All web browsers are currently vulnerable to a CSS history leak which enables attackers to test if a particular site was visited by a user in the browser used to connect to the site.
The CSS leak makes use of a feature of CSS that colors visited and non-visited links in a different manner. All the attacker needs to do is to display a huge list of possible sites on a page and check how the link color looks like to see if sites have been visited.
Basically, a huge list of links is added to a page (it can be hidden). The browser uses a different color for visited links, and the script on the site just needs to check which of the links match that color to know that a user went to that site before.

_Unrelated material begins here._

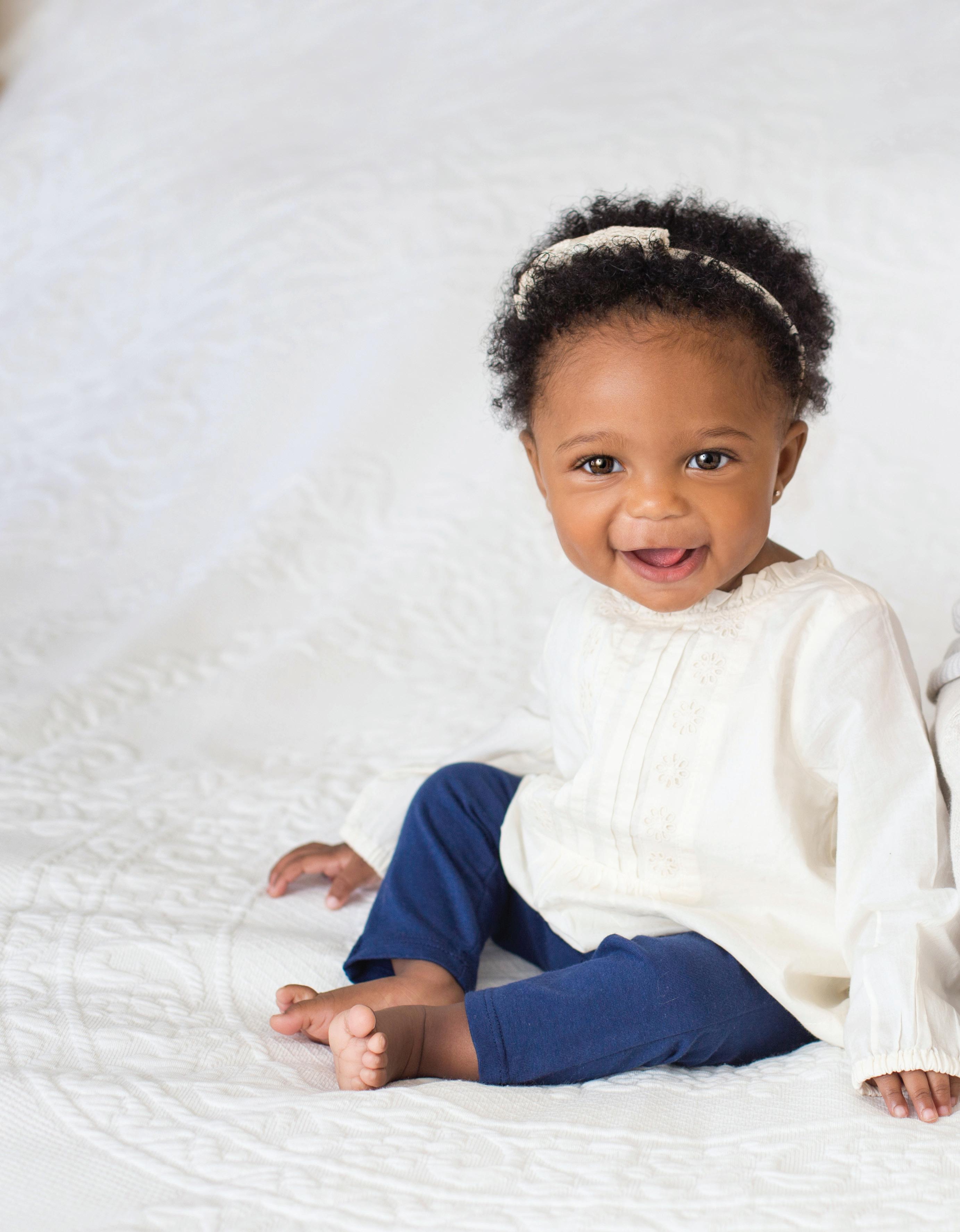 Favorite toy: Crocheted bumblebee her nana made for her Newest milestone: Crawling and standing with support

The scripts are currently testing more than 200K URLs per minute which should be enough to create a solid profile of nearly any web user.
Some factors mitigate the problem like clearing the history regularly.
Mozilla developers have now come up with a solution for the problem that applies three changes to the way links are styled in the web browser.
Mozilla Plugs The CSS History Leak
The Mozilla blog has a fairly long article up with technical detailsm as does David Baron whose solution was picked to plug the CSS History leak in the web browser.
The three changes take care of layout-based attacks, timing attacks, and computed style attacks.
- layout-based attacks: Mozilla decided to limit the styling that can be done to visited links.
- timing attacks: eliminates attacks that distinguish visited from unvisited links by measuring the time it takes to resolve those.
- computed style attacks: returns the unvisited style if a script attempts to get the computed style of a link.
It is not yet clear when this will make its way into the Firefox web browser but it is likely that it will be implemented soon.
Users who do not want to wait can protect their computer’s from the leak by setting “layout.css.visited_links_enabled option in about:config to false” which has the consequence that no styling for visited links is displayed in the web browser.
Users of all web browsers who want to test what a script could find out about their surfing habits can visit the Start Panic website.
Update:
All modern browsers are protected against these kinds of attacks now.
The website mentioned in the last sentence should not display any sites that you have visited in the past if you are using a modern web browser.
There is no need anymore to restrict the styling of visited links in your web browser, but you can still do so if you want.